News & Events
FDA NEWS RELEASE
FOR IMMEDIATE RELEASE
FDA Warns of Safety Concern Regarding Rituxan in New Patient Population
The Food and Drug Administration (FDA) is alerting health care professionals and patients treated with Rituxan (rituximab) to reports of an emerging risk of a serious side effect in patients receiving or who have used Rituxan. FDA recently learned that two patients who were treated with Rituxan for systemic lupus erythematosus (SLE) developed progressive multifocal leukoencephalopathy (PML), a fatal viral infection of the central nervous system. This side effect has been reported in patients as late as 12 months after their last dose of Rituxan.
SLE is not an approved indication for Rituxan. Rituxan is approved only for the treatment of patients with non-Hodgkin's lymphoma and patients with rheumatoid arthritis whose disease no longer responds to other common treatments.
"Rituxan is used in both approved and off-label settings, and therefore it is very important for prescribers as well as patients to be aware of these new reports of the risk of PML," said Dr. Steven Galson, director of FDA's Center for Drug Evaluation and Research. "Patients who are being treated or have been treated with Rituxan who experience any major changes in vision, balance, or coordination, or who experience confusion, should promptly call their doctor."
Rituxan, which has been marketed since 1997, acts on the body's immune system by decreasing certain types of white blood cells. This makes the drug effective in treating lymphoma and rheumatoid arthritis, but it also increases the body's susceptibility to infection. The Rituxan label was updated in February 2006 to include postmarketing reports of cases of serious viral illnesses, including PML, in patients with lymphoma who received Rituxan. There have been 23 confirmed cases of PML in patients with lymphoid malignancies either during or after completion of treatment with Rituxan. The majority of these patients also had received other drugs known to affect the immune system.
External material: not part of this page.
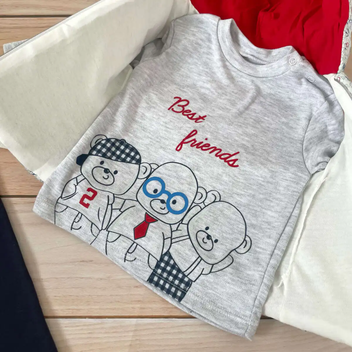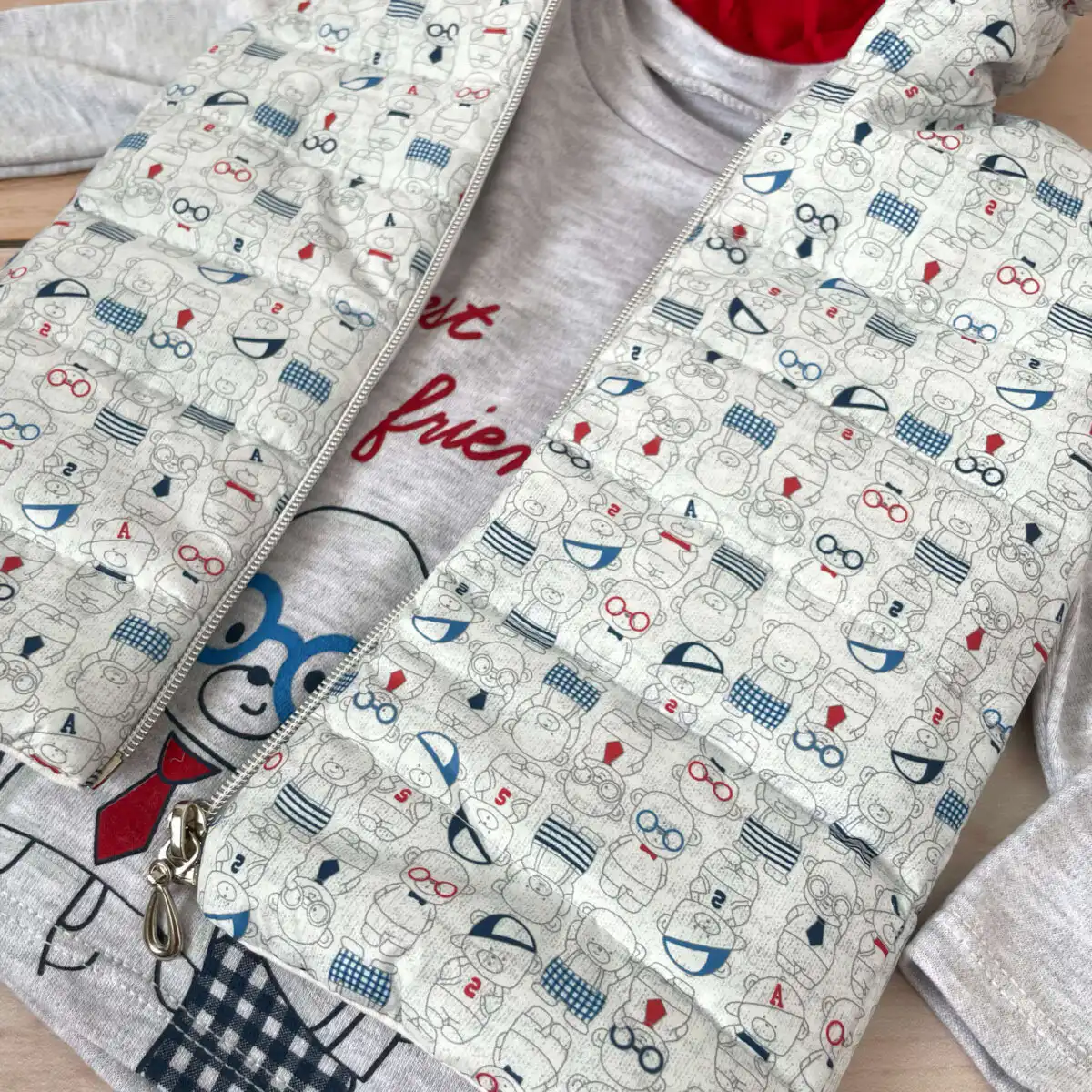 Bluzica na duge rukave u sivoj boji, sa printom 3 mede i natpisom „Best Friends“. Raskopčava se na dva drikera oko vrata.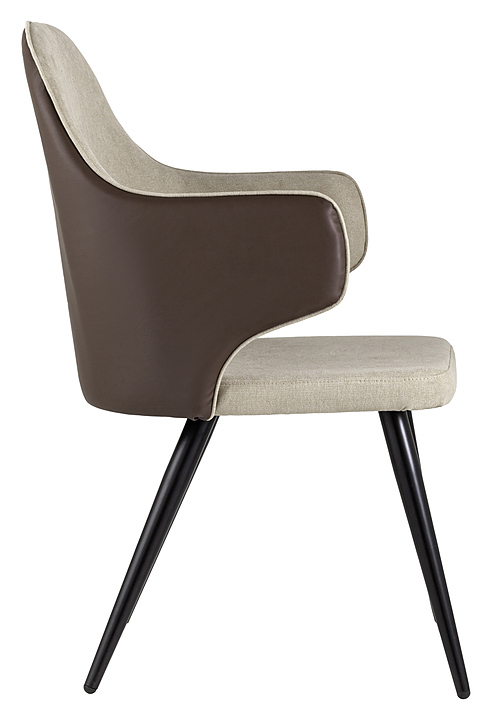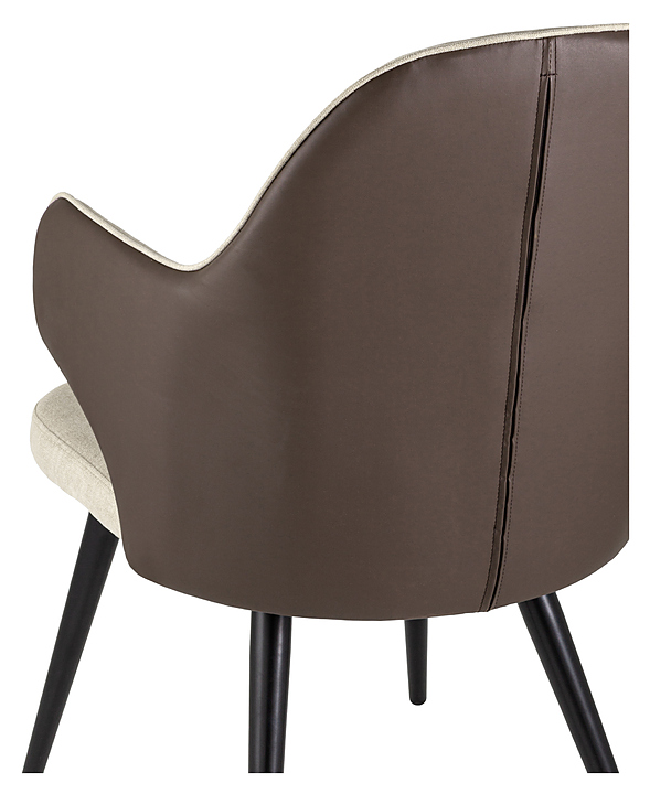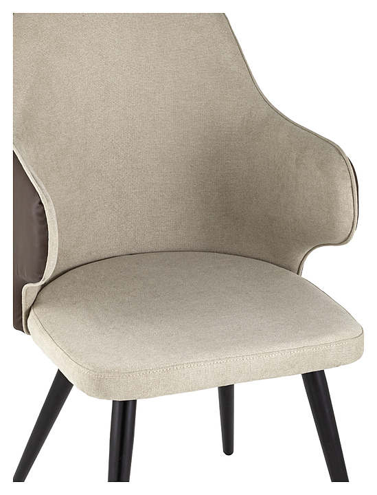 Обеденный стул Stool Group Альдо с подлокотниками бежевый предназначен для использования на даче, дома, для кухни, для бьюти-уголка, а также в кафе, ресторанах и салонах красоты. Модель выполнена в современном стиле и оснащена подлокотниками, мягким сиденьем и мягкой спинкой. Каркас стула изготовлен из металла, обивка из рогожки, а задняя сторона спинки из экокожи. Особенности:

Additionally, cases of PML have occurred in patients who have not received Rituxan. Most reports have been in patients with a compromised immune system, either due to medical conditions (lymphoma or blood cancers, HIV infection and congenital immunodeficiency syndromes) or medical treatments (cancer chemotherapy and immunosuppressive medications in organ transplant recipients). There also have been literature reports of PML in patients with SLE who did not receive Rituxan, but had received other immunosuppressive drugs. Currently FDA is working with Genentech, the drug's sponsor, to add this recent information on PML to the drug label.
Health care professionals should report any serious adverse events possibly associated with the use of Rituxan to FDA's MedWatch Adverse Event Reporting program online [at www.fda.gov/MedWatch/report.htm], by phone [1-800-FDA-1088], or by returning the postage-paid FDA form 3500 [which may be downloaded from www.fda.gov/MedWatch/getforms.htm] by mail [to MedWatch, 5600 Fishers Lane, Rockville, MD 20852-9787] or fax [1-800-FDA-0178].
Rituxan is manufactured by Genentech, Inc. of South San Francisco, Calif.